> THE PROBLEM: Any picture in the listing is left out of the copy; all else is duplicated exactly.

> DATA SHOWN:
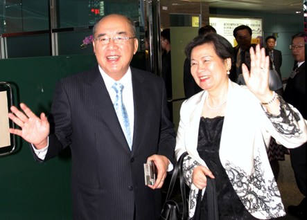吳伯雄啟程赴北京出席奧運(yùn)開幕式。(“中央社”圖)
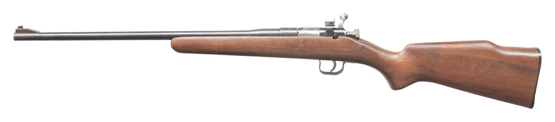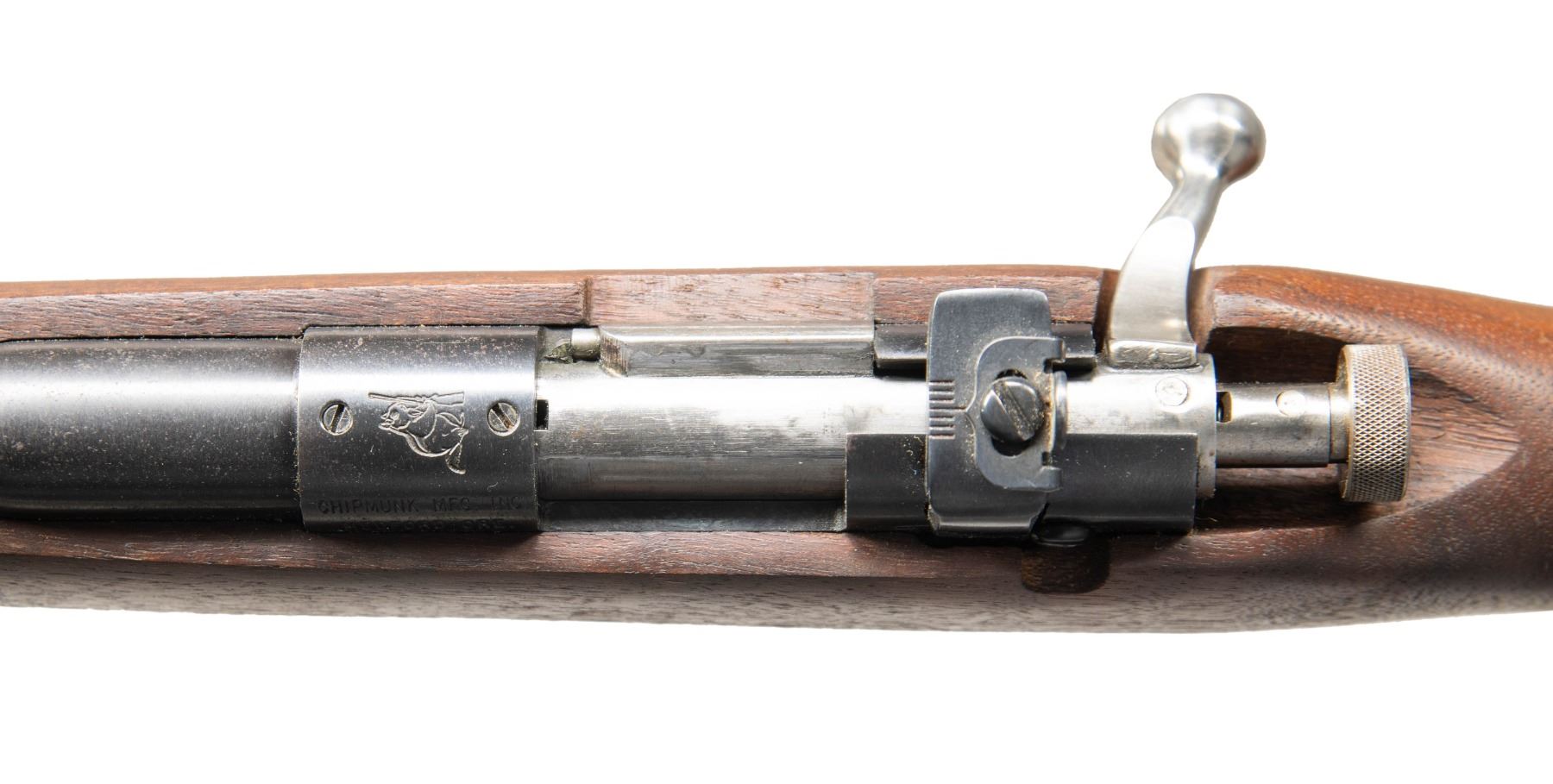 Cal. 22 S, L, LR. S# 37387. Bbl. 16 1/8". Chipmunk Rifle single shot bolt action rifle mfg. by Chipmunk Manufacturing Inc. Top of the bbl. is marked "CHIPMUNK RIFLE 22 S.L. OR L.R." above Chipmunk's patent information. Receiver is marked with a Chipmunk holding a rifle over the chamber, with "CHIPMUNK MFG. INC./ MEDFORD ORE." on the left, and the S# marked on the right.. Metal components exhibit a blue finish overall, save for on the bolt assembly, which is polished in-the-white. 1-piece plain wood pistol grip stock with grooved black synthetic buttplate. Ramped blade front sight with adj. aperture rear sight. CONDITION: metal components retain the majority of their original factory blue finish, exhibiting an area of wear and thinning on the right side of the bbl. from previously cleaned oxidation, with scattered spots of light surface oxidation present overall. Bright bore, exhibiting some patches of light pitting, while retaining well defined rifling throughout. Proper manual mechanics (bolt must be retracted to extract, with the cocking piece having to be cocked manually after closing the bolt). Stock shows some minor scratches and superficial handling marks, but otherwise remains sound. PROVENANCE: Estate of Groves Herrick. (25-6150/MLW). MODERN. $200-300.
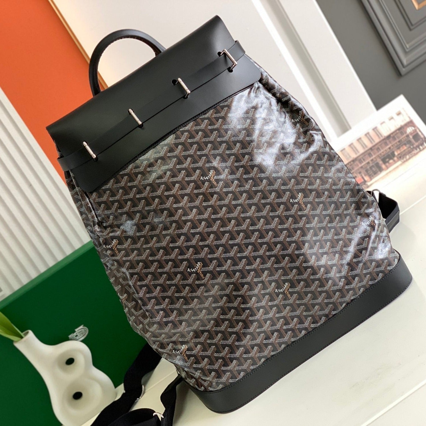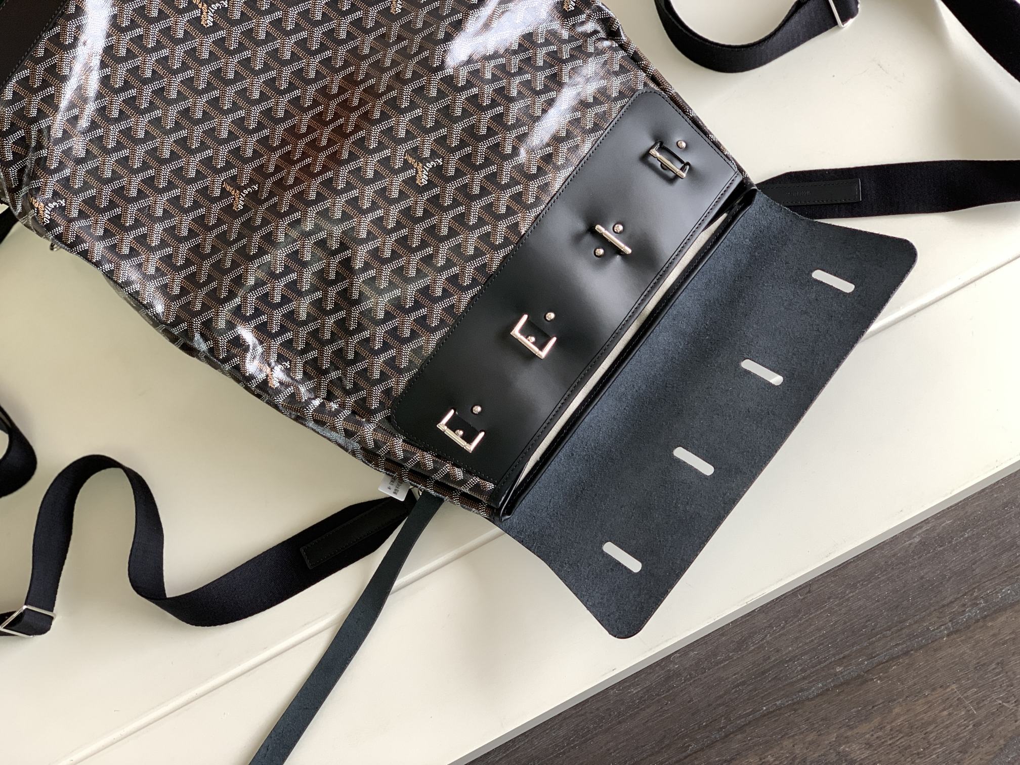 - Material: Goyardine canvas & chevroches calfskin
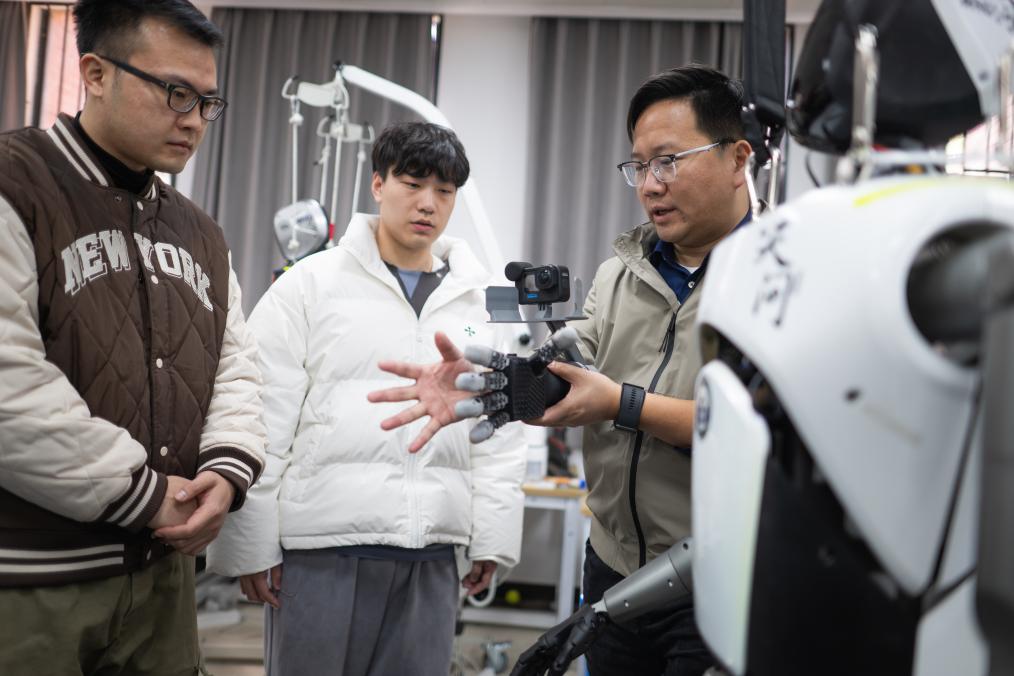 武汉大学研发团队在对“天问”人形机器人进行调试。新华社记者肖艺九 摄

> WRITTEN REPLY:
吳伯雄啟程赴北京出席奧運(yùn)開幕式。(“中央社”圖)
 Cal. 22 S, L, LR. S# 37387. Bbl. 16 1/8". Chipmunk Rifle single shot bolt action rifle mfg. by Chipmunk Manufacturing Inc. Top of the bbl. is marked "CHIPMUNK RIFLE 22 S.L. OR L.R." above Chipmunk's patent information. Receiver is marked with a Chipmunk holding a rifle over the chamber, with "CHIPMUNK MFG. INC./ MEDFORD ORE." on the left, and the S# marked on the right.. Metal components exhibit a blue finish overall, save for on the bolt assembly, which is polished in-the-white. 1-piece plain wood pistol grip stock with grooved black synthetic buttplate. Ramped blade front sight with adj. aperture rear sight. CONDITION: metal components retain the majority of their original factory blue finish, exhibiting an area of wear and thinning on the right side of the bbl. from previously cleaned oxidation, with scattered spots of light surface oxidation present overall. Bright bore, exhibiting some patches of light pitting, while retaining well defined rifling throughout. Proper manual mechanics (bolt must be retracted to extract, with the cocking piece having to be cocked manually after closing the bolt). Stock shows some minor scratches and superficial handling marks, but otherwise remains sound. PROVENANCE: Estate of Groves Herrick. (25-6150/MLW). MODERN. $200-300.
 - Material: Goyardine canvas & chevroches calfskin
 武汉大学研发团队在对“天问”人形机器人进行调试。新华社记者肖艺九 摄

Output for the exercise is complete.